> _Task requirements_: Start to finish, print the entries exactly, and carry none of the pictures over.

> _Listed entries_:
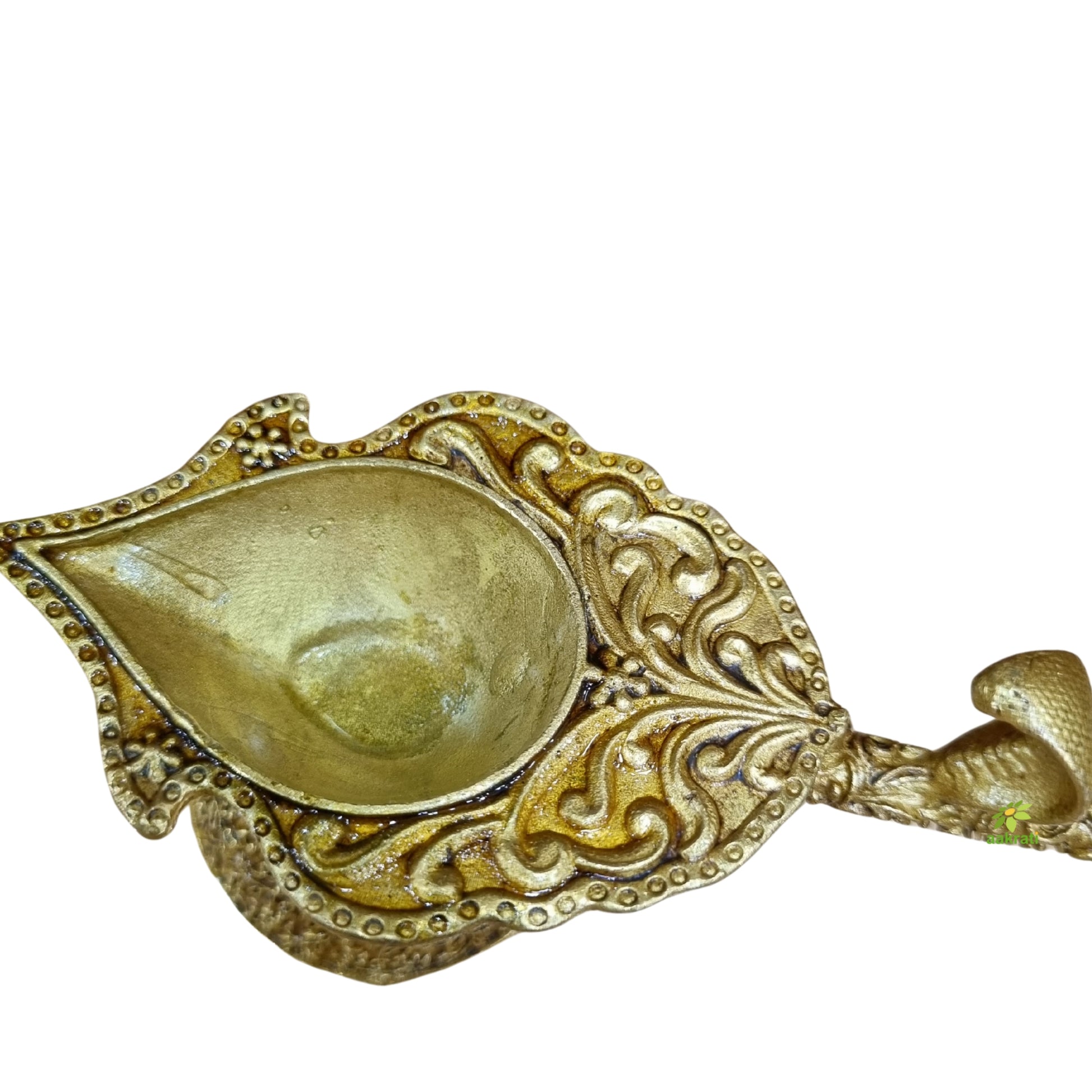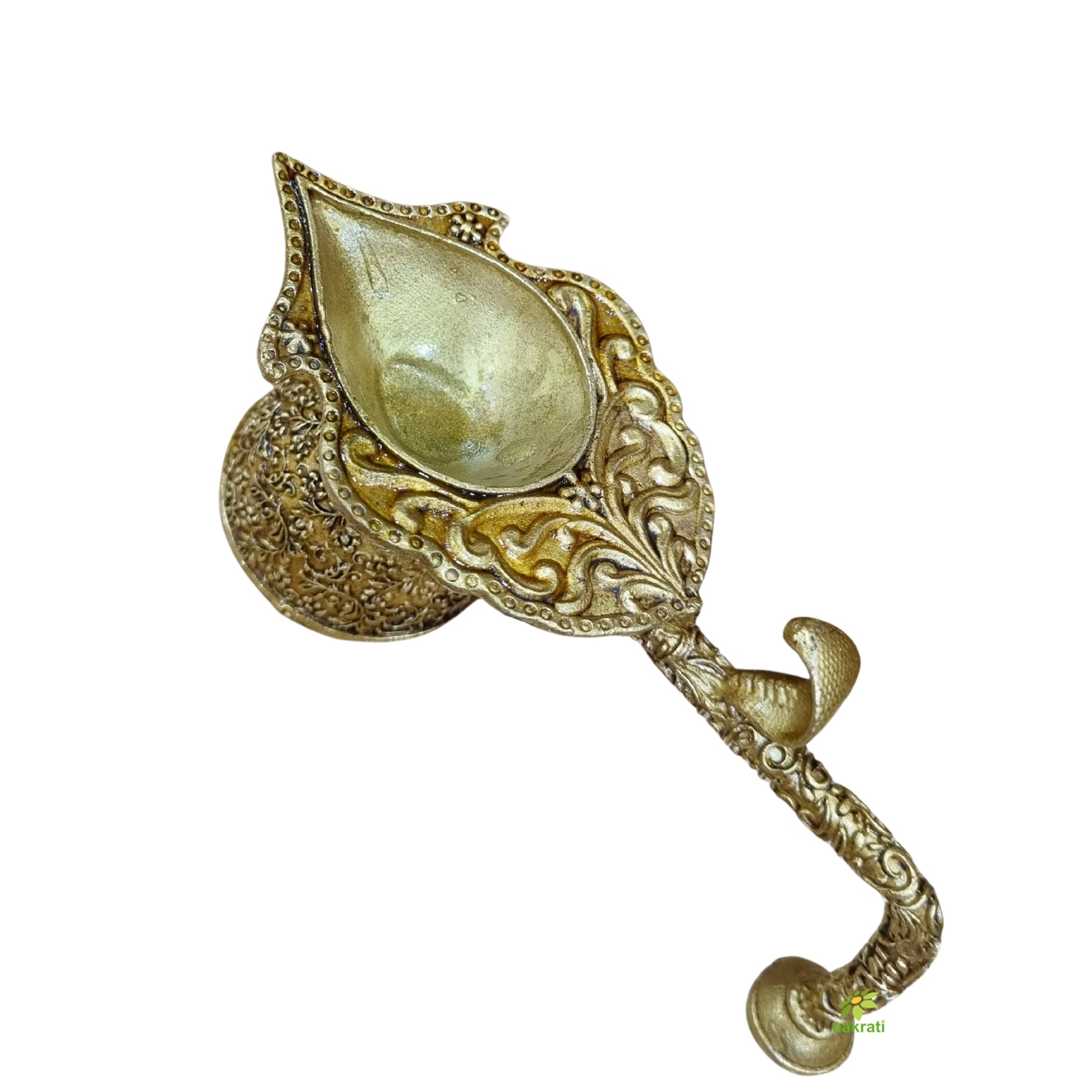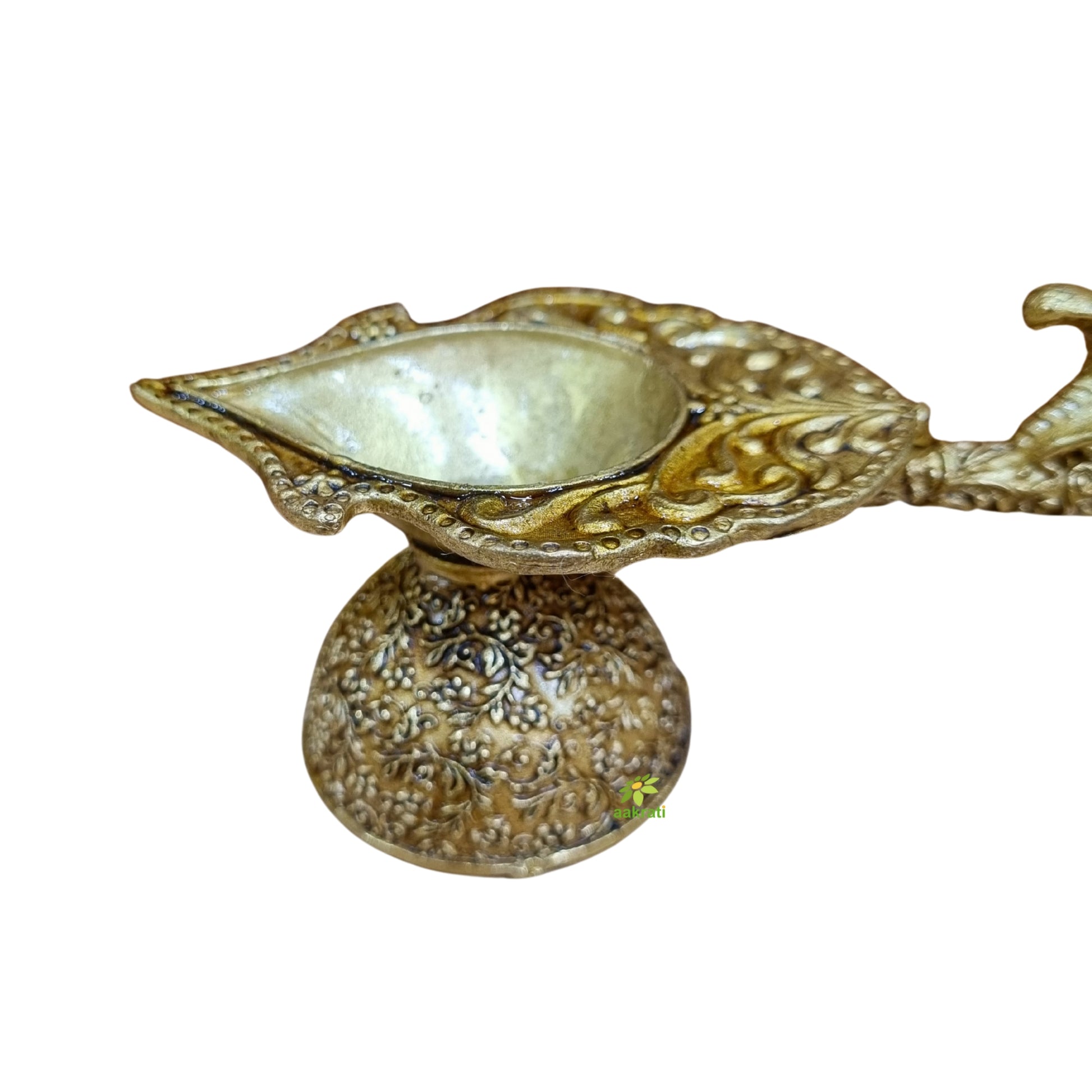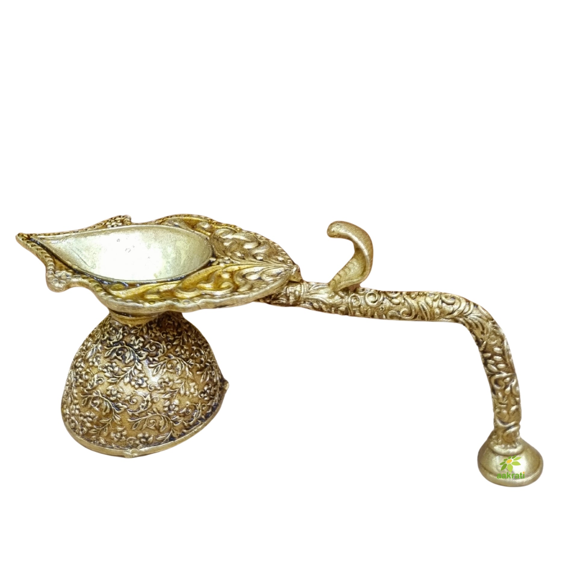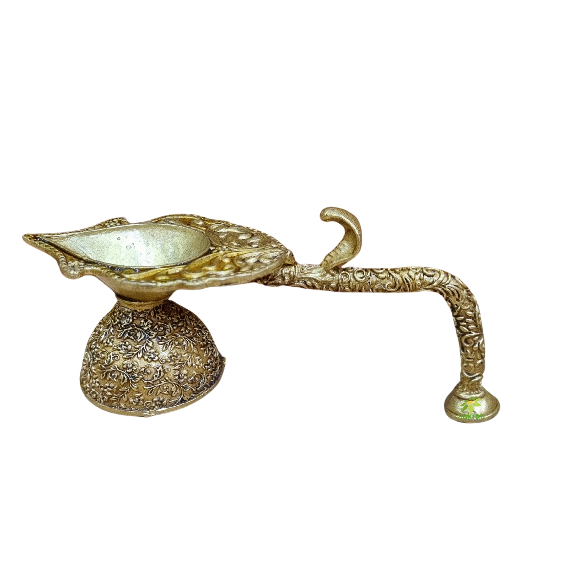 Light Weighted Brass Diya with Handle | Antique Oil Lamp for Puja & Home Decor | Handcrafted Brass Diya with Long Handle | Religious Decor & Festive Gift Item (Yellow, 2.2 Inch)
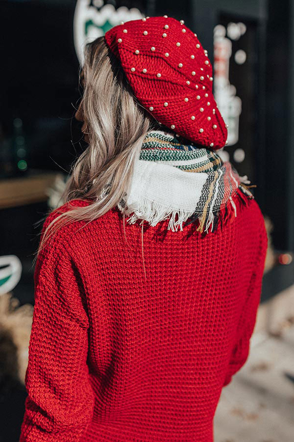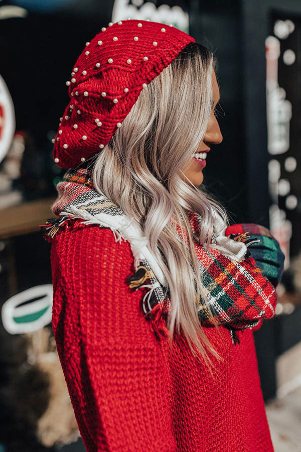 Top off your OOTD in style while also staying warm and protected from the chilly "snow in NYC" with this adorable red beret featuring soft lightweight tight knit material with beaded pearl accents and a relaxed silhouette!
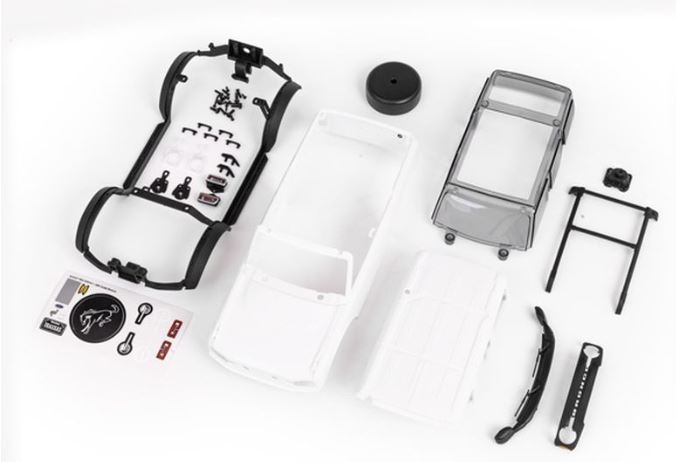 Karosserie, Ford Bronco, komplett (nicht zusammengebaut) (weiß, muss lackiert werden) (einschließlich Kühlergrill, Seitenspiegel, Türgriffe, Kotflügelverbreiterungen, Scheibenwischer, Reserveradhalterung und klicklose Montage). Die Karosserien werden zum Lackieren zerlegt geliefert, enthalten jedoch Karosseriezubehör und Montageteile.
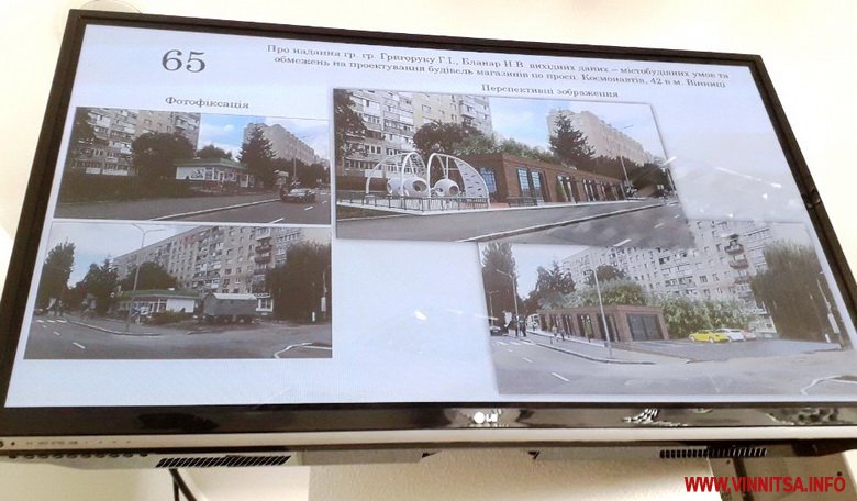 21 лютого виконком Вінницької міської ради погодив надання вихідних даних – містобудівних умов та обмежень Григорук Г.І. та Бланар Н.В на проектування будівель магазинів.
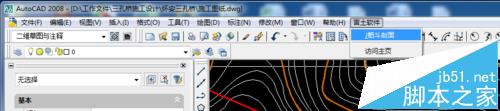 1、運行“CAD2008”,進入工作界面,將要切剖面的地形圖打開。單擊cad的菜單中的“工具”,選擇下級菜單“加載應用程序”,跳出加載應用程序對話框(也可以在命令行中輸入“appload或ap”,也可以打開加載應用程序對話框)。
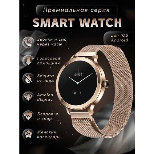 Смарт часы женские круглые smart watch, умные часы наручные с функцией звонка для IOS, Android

> _Exercise answer_:
 Light Weighted Brass Diya with Handle | Antique Oil Lamp for Puja & Home Decor | Handcrafted Brass Diya with Long Handle | Religious Decor & Festive Gift Item (Yellow, 2.2 Inch)
 Top off your OOTD in style while also staying warm and protected from the chilly "snow in NYC" with this adorable red beret featuring soft lightweight tight knit material with beaded pearl accents and a relaxed silhouette!
 Karosserie, Ford Bronco, komplett (nicht zusammengebaut) (weiß, muss lackiert werden) (einschließlich Kühlergrill, Seitenspiegel, Türgriffe, Kotflügelverbreiterungen, Scheibenwischer, Reserveradhalterung und klicklose Montage). Die Karosserien werden zum Lackieren zerlegt geliefert, enthalten jedoch Karosseriezubehör und Montageteile.
 21 лютого виконком Вінницької міської ради погодив надання вихідних даних – містобудівних умов та обмежень Григорук Г.І. та Бланар Н.В на проектування будівель магазинів.
 1、運行“CAD2008”,進入工作界面,將要切剖面的地形圖打開。單擊cad的菜單中的“工具”,選擇下級菜單“加載應用程序”,跳出加載應用程序對話框(也可以在命令行中輸入“appload或ap”,也可以打開加載應用程序對話框)。
 Смарт часы женские круглые smart watch, умные часы наручные с функцией звонка для IOS, Android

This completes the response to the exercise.